A man has to spend Rs.16 per km on petrol if he rides his motor-car at 30 km per hour and the cost on petrol rises to Rs.20 per km if he rides his car at 45 km per hour. He has Rs.200 to spend on petrol and desires to travel maximum distance within 2 hours. Formulate the given data in the form of inequations and show graphically the region representing the solution of the inequations.

A manufacture produces nuts and bolts for industrial machinery. It takes 1 hour of work on machine A and 3 hours on machine B to produce a package of nuts while it takes 3 hours on machine A and 1 hour on machine B to produce a package of bolts. If he operates his machines for at most 12 hours then formulate the given data in the form of inequations and show graphically the region representing the solution of these inequations.
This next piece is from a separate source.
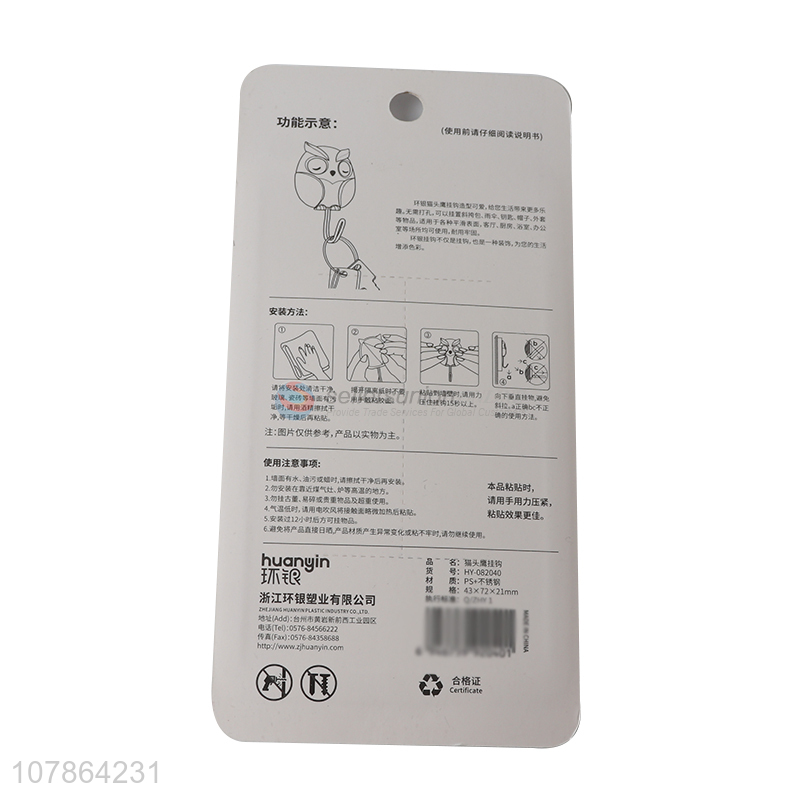China manufacturer owl shape wall mounted hook plastic hooks

A person requires at least 10,12 and 12 units of chemicals A ,B and C respectively for his garden. A liquid product contains 5,2 and 1 units of A,B and C respectively per jar. A dry product contains 1,2 and 4 units of A,B and C per carton. Formulate the given data in the form of inequations and show graphically the region representing the solution of these inequations.

A diet is to contain at least 400 units of carbohydrate, 500 units of fat and 300 units of protein. Foods F_1 contains 10 units of carbohydrate, 20 units of fat and 15 units of protein and food F_2 contains 25 units of carbohydrate,10 units of fat and 20 units of protein. Formulate the given data in the form of inequations and show graphically the region representing the solution of these inequations.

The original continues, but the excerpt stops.